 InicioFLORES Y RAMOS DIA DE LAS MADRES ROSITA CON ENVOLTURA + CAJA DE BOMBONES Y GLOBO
--
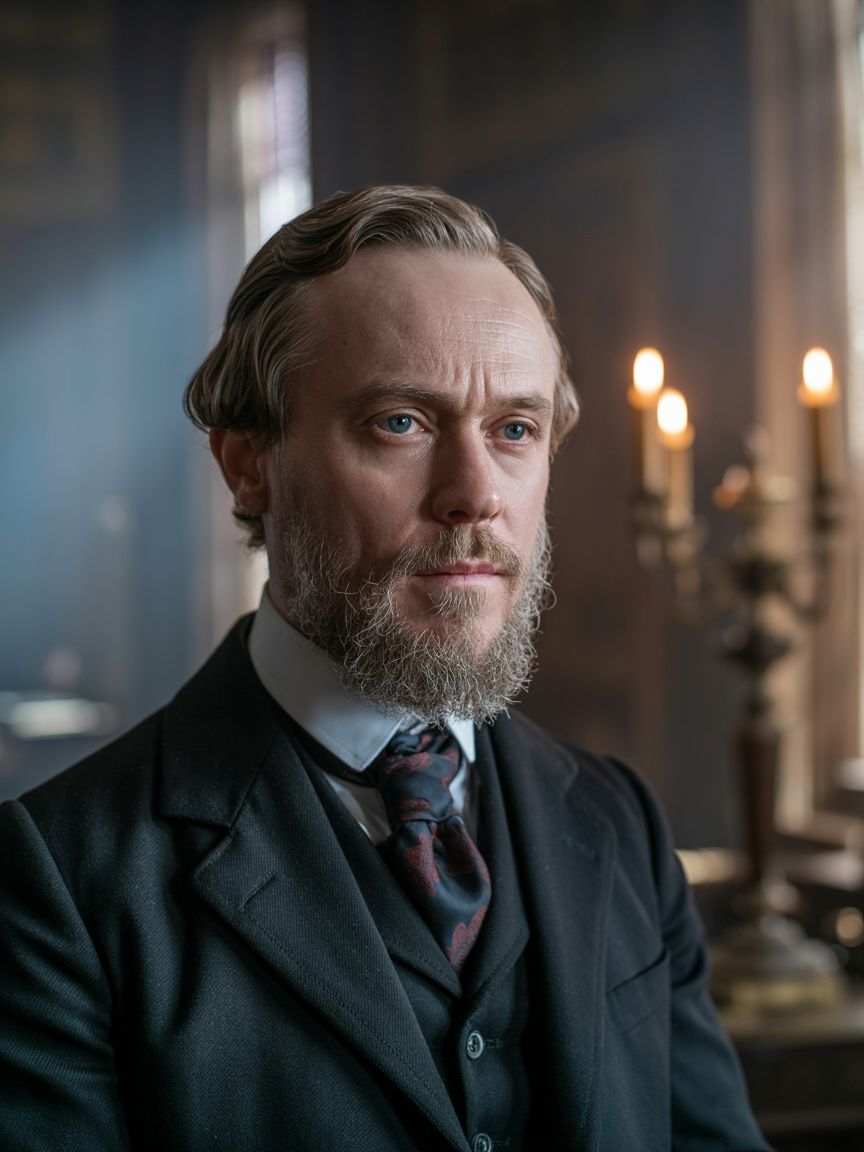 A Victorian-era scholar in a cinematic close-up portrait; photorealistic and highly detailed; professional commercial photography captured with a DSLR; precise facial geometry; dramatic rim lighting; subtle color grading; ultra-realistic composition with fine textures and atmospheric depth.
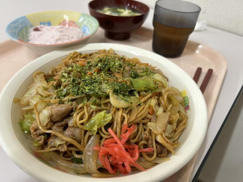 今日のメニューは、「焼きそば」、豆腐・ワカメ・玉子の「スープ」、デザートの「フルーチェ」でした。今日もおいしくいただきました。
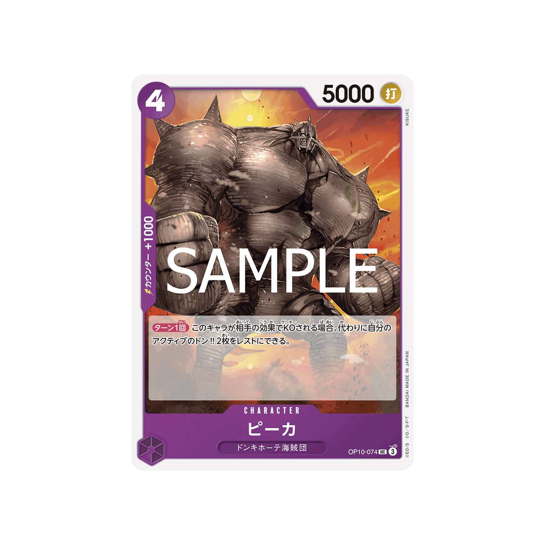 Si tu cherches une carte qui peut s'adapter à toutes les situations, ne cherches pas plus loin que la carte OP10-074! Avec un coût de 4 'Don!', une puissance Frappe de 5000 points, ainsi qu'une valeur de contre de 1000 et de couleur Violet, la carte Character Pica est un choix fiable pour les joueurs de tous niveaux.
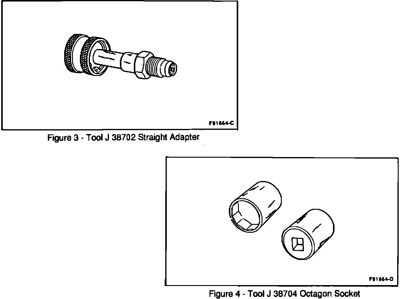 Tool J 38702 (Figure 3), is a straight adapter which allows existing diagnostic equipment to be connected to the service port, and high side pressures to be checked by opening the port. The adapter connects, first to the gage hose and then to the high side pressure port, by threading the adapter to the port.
---
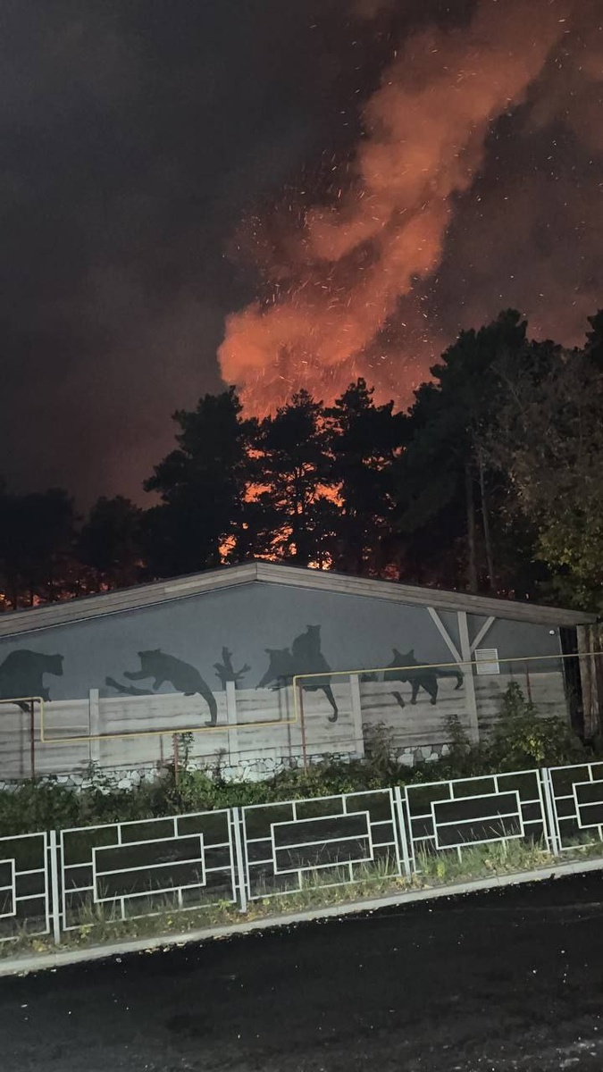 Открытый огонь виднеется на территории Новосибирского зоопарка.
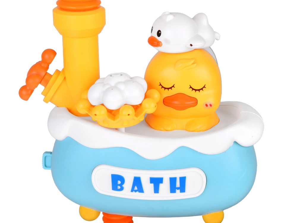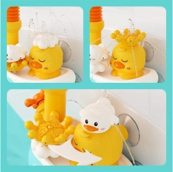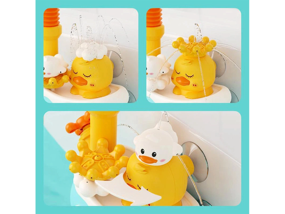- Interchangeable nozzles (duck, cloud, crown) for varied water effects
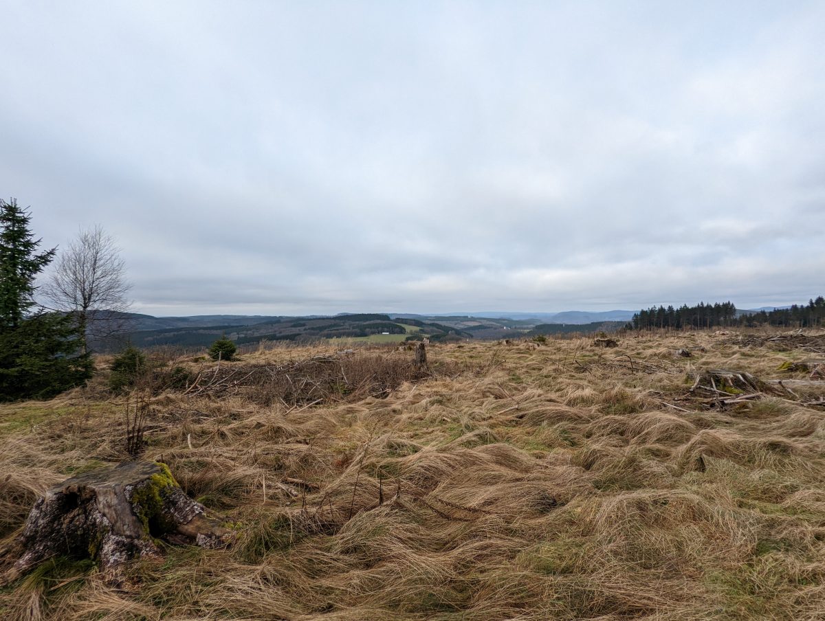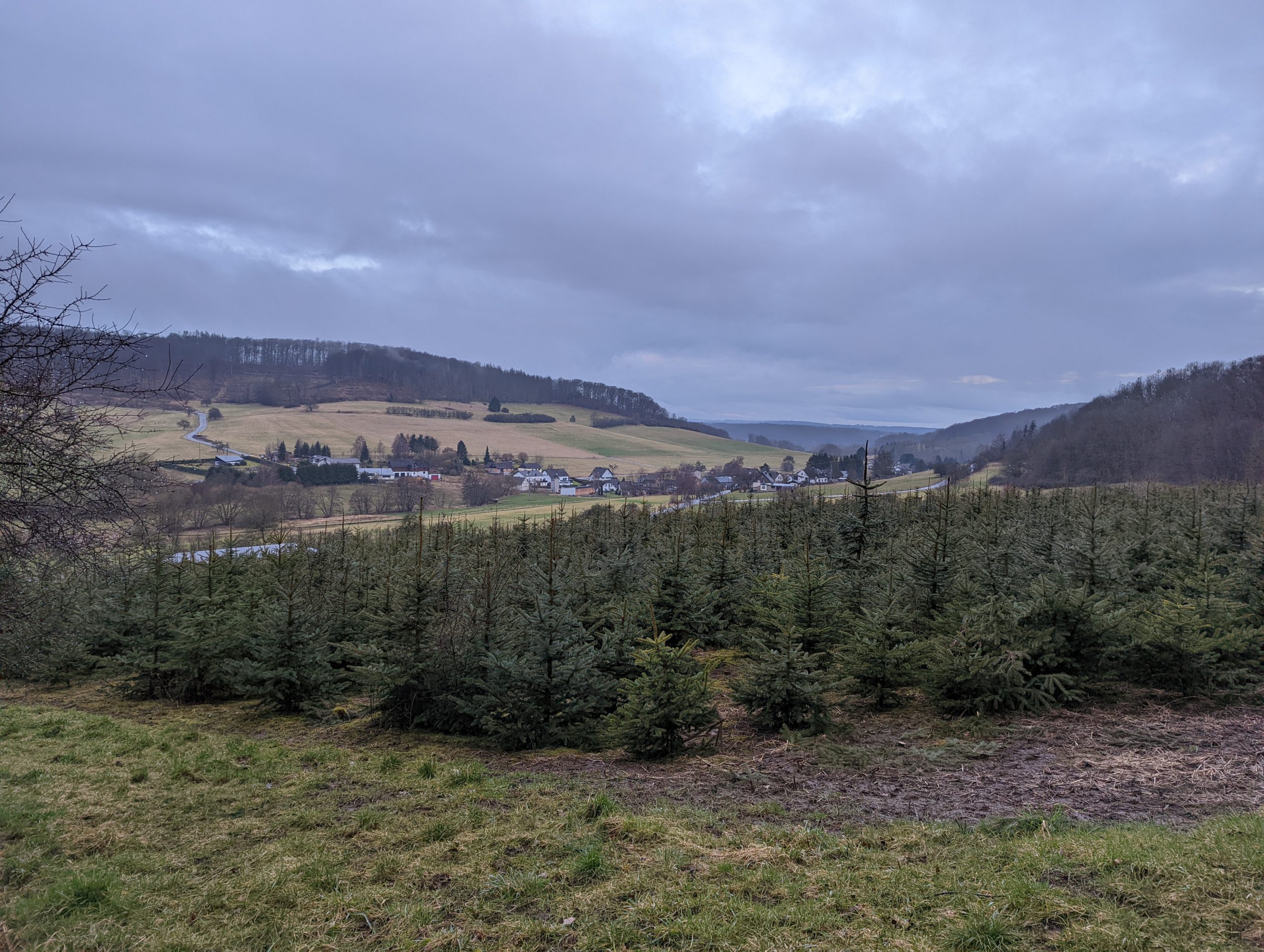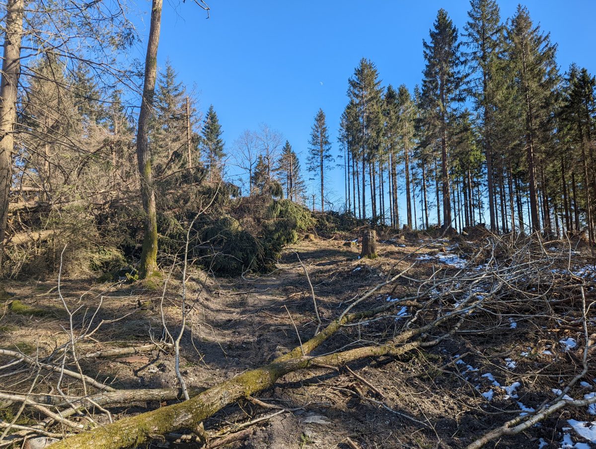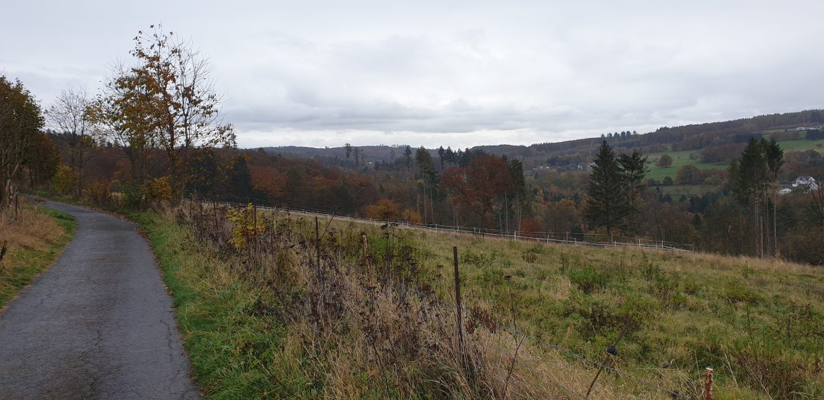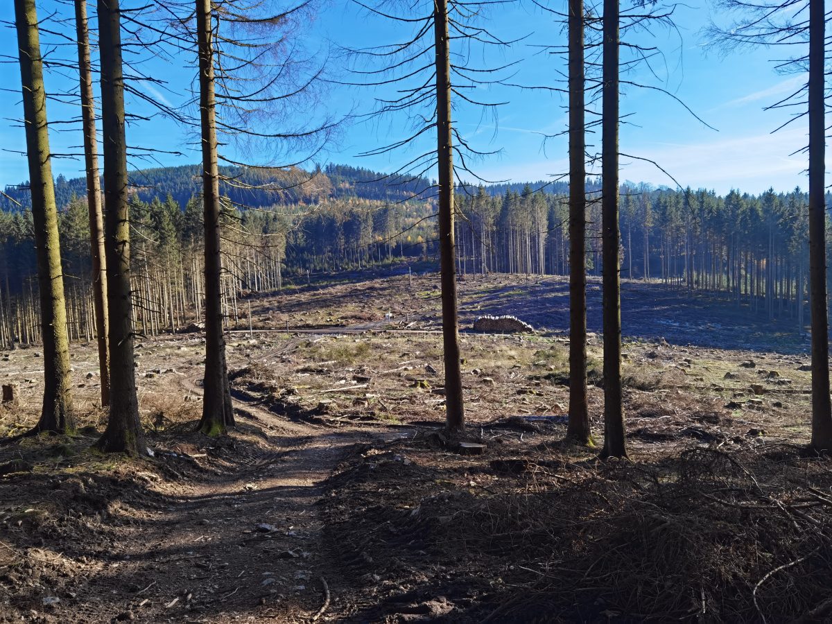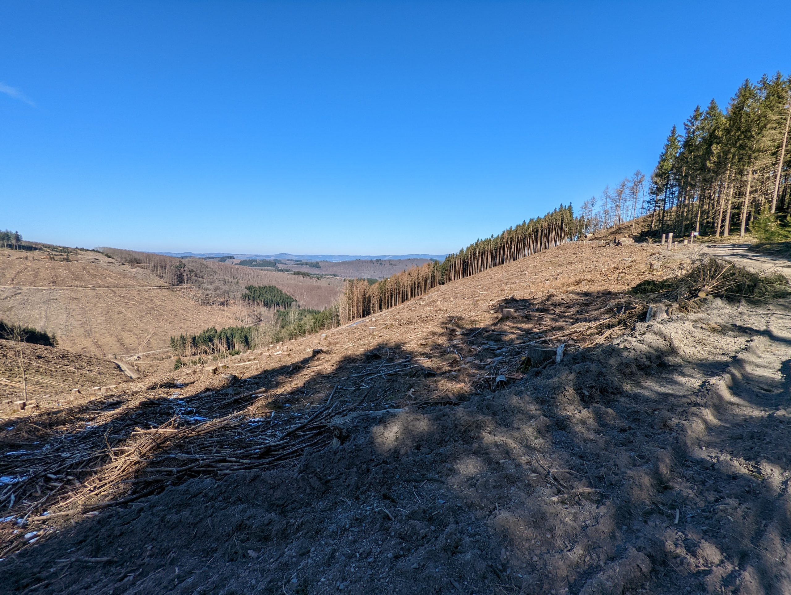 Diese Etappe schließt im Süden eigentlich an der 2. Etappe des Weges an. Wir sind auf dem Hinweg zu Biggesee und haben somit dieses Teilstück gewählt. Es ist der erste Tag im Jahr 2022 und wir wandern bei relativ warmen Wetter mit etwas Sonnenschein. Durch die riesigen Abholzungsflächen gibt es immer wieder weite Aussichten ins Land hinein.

WORK INSTRUCTION: Keep to the lines above from the line with "Открытый огонь виднеется" to the line with "Diese Etappe schließt", and set down exactly those, inclusive, with nothing else and every picture left out.

EXERCISE OUTPUT:
 Открытый огонь виднеется на территории Новосибирского зоопарка.
- Interchangeable nozzles (duck, cloud, crown) for varied water effects
 Diese Etappe schließt im Süden eigentlich an der 2. Etappe des Weges an. Wir sind auf dem Hinweg zu Biggesee und haben somit dieses Teilstück gewählt. Es ist der erste Tag im Jahr 2022 und wir wandern bei relativ warmen Wetter mit etwas Sonnenschein. Durch die riesigen Abholzungsflächen gibt es immer wieder weite Aussichten ins Land hinein.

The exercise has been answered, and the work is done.